Remix album by Funkstörung
- Released: May 1999
- Genre: IDM
- Length: 42:22
- Label: !K7 Records
- Producer: Michael Fakesch and Christian de Luca

Funkstörung chronology
|  | Additional Productions (1999) | Appetite for Disctruction (2000) |

= Additional Productions =

Additional Productions is the first album-length release of the German IDM group Funkstörung, and also the first on their current label, !K7 Records. It is not strictly an album, since it only contains remixes of other artists done by Funkstörung, but since there is seldom more than parts of the vocals of the original songs left, it is often classified as an album proper nonetheless. The booklet, designed by The Designers Republic, features a complete Funkstörung corporate identity manual, including painting schemes for planes, boats and buildings.

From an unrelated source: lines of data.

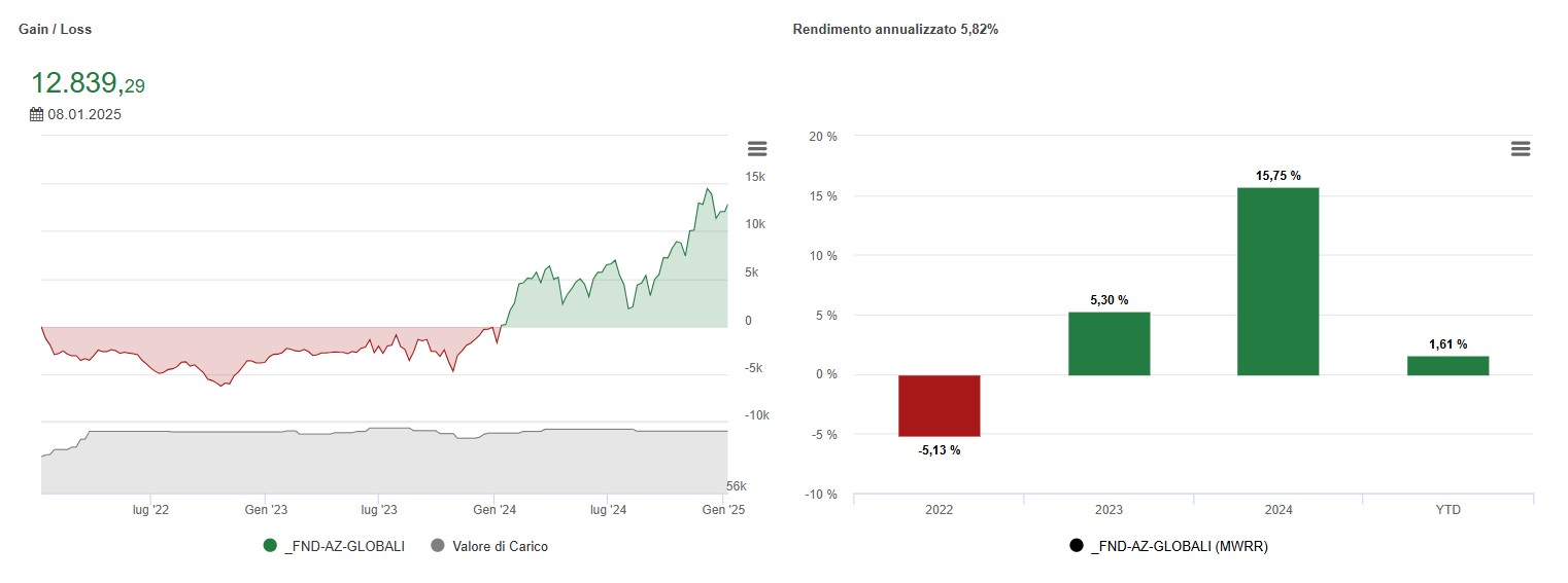 Il rendimento annuale del portafoglio migliori Fondi Azionari è stato del 2,7%.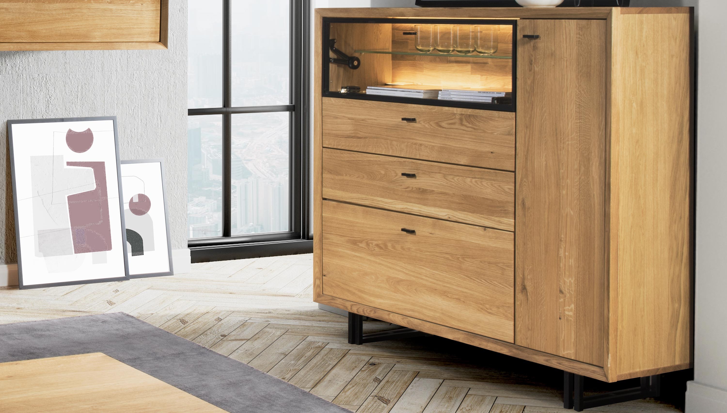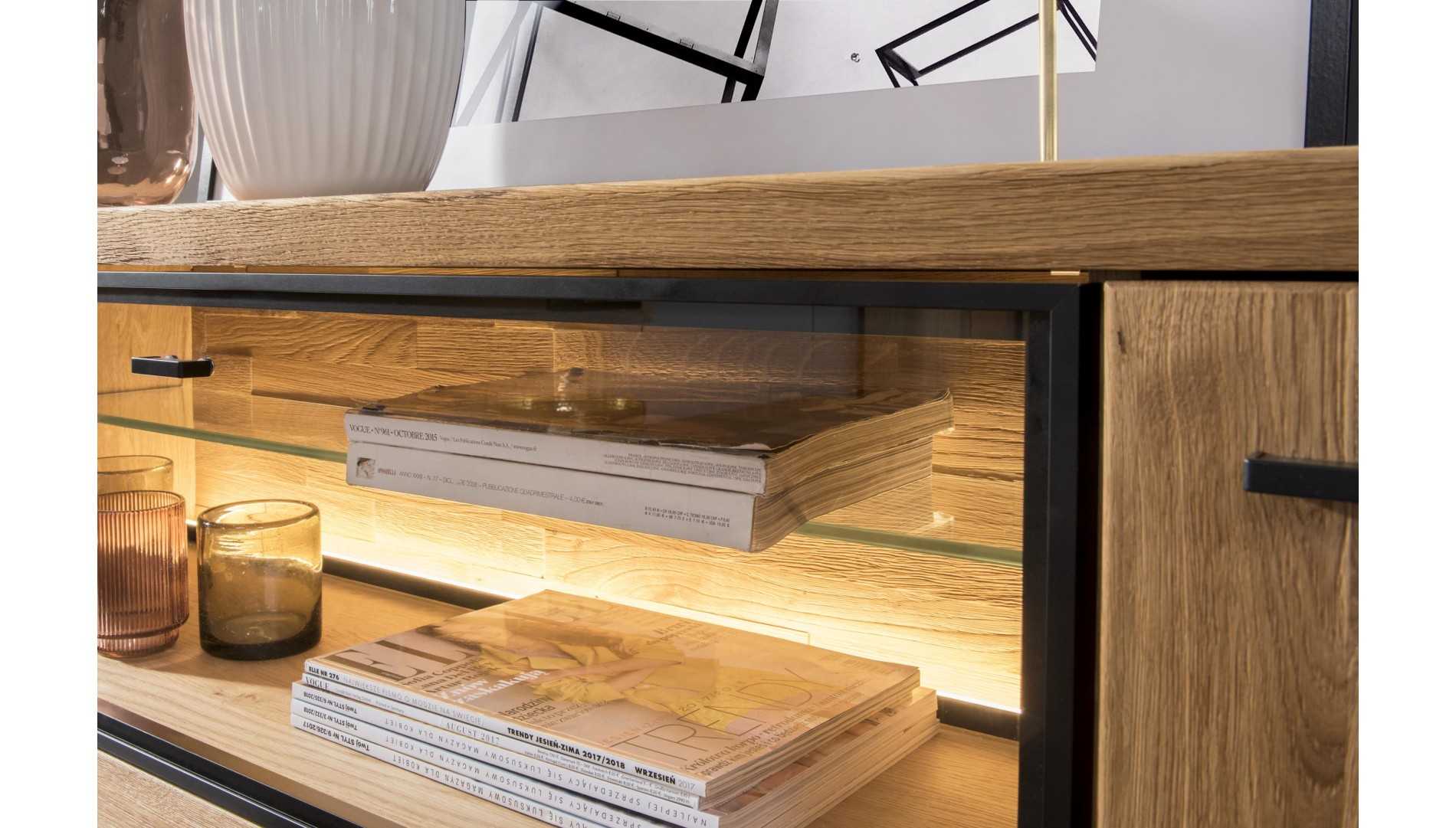 Tölgyfa tálalószekrény fém lábakkal, világítással, 134 cm széles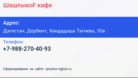 ШашлыкоF, кафе по адресу Дагестан, Дербент, Хандадаша Тагиева, 35в в дальнейшем Организация, размещена в следующих категориях: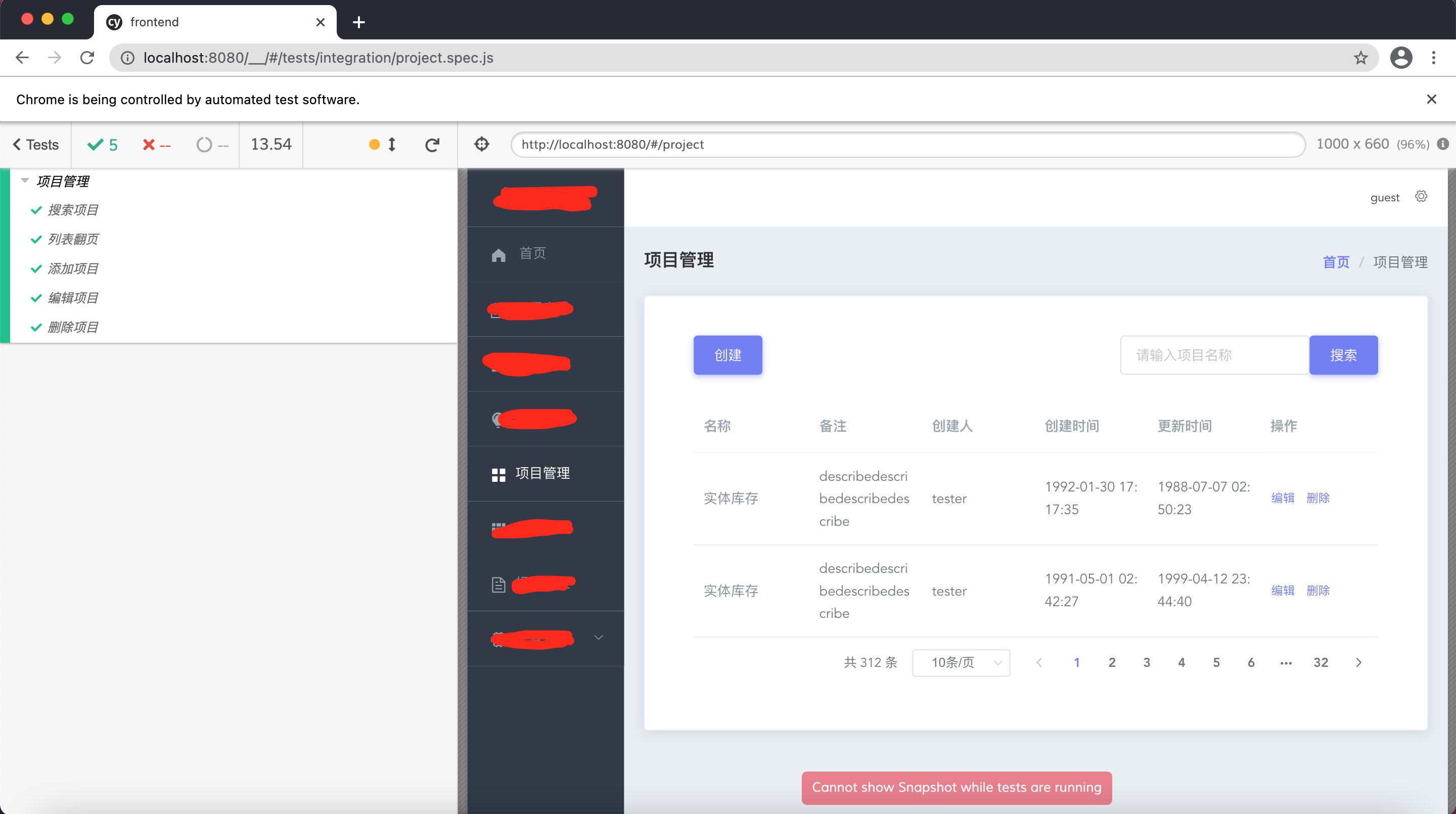 describe('项目管理', () => {
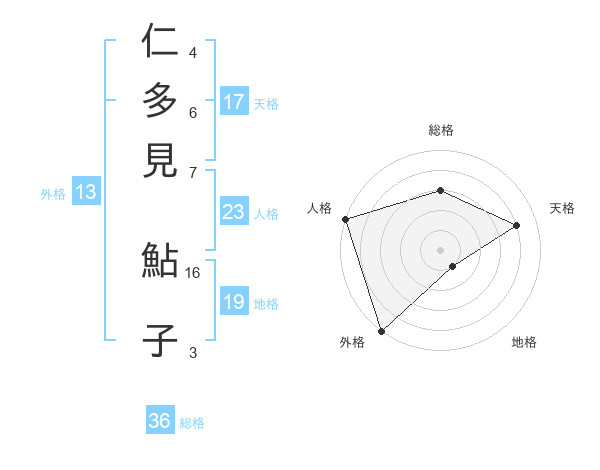 仁多見 鮎子さんの外格は13画の5点!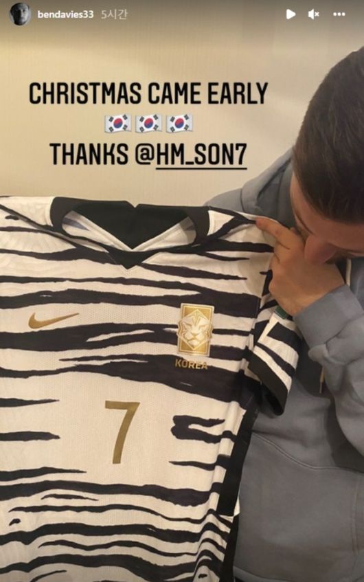 토트넘 수비수 벤 데이비스는 25일 자신의 SNS에 손흥민에게 받은 선물을 자랑하는 게시물을 올렸다. 데이비스는 손흥민의 등번호 7번이 새겨진 대한민국 ‘백호 유니폼’을 선물로 받았다. 데이비스는 “크리스마스가 일찍 왔네”라며 태극기까지 새기면서 기쁨을 표했다.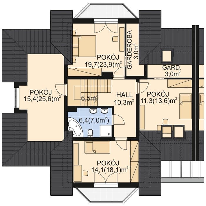 - Rodzaj dachuWielospadowy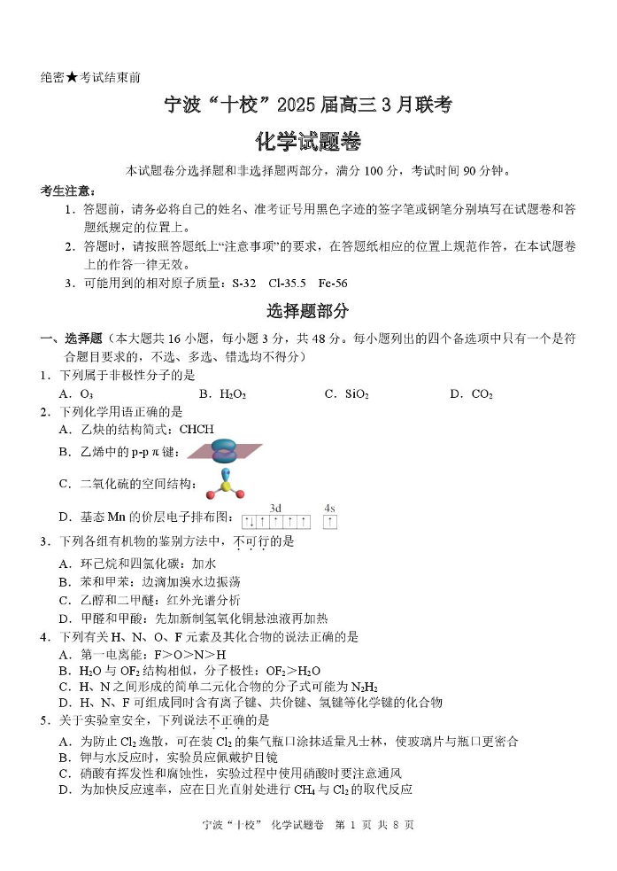 浙江省宁波“十校”2025届高三3月联考 化学.pdf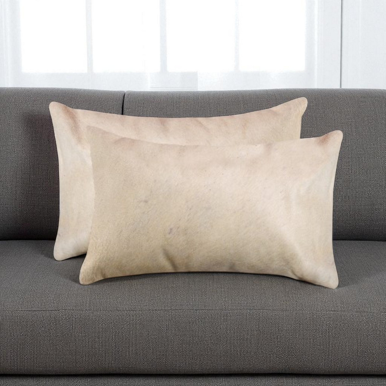 This set of two 12-inch x 20-inch tan cowhide throw pillows will add a beautiful decorative accent to your decor. The luxurious tan coloring of the genuine cowhide on these pillows will add dimension and texture to your space. Elegantly chic, these pillows are the epitome of luxury. Super soft and built to hold its shape, this cotton-filled pillow is a great option. Great to use on its own or mix with other decorations for the perfect look. A great decorative accessory to add color and dimension to your favorite chair, accent your sofa, or to use as part of your bed ensemble. 12-inch h x 20-inch w x 5-inch d.

There is a very limited (100 copies) grey 180g vinyl edition of this album, which contains three additional remixes ("Galaxy" by War, Funckarma's "Spatial Convolution", and the second "All Is Full of Love" remix from björkmitfunkstörung), but omits "Bust It".

Professional ratings
Review scores
| Source | Rating |
| Allmusic |  |

==Track listing==
1. Visit Venus – "Children Of The Rave Solution" (Visited By Funkstörung) – 4:54
2. East Flatbush Project – "Tried By 12" (Tried By Funkstörung) – 5:34
3. Various Artists – "No. 9" (No.9,5 By Funkstörung) – 4:42
4. Björk – "All Is Full of Love" (In Love With Funkstörung Remix) – 5:25
5. Finitribe – "Mind My Make Up" (Made Up By Funkstörung) – 4:06
6. DJ Craze mit Funkstörung – "Bust It" – 4:37 (regular editions only)
7. Wu-Tang Clan – "Reunited" (Reunixed By Funkstörung) – 4:28
8. S'Apex – "Henryk" (Synkopic Reprogrammed By Funkstörung) – 4:36

==Limited edition bonus tracks==
- Funckarma – "Spatial Convolution" (Morphed By Funkstörung)
- Björk – "All Is Full of Love" (Secondotted By Funkstörung)
- War – "Galaxy" (Funkstörung Declared War-Remix)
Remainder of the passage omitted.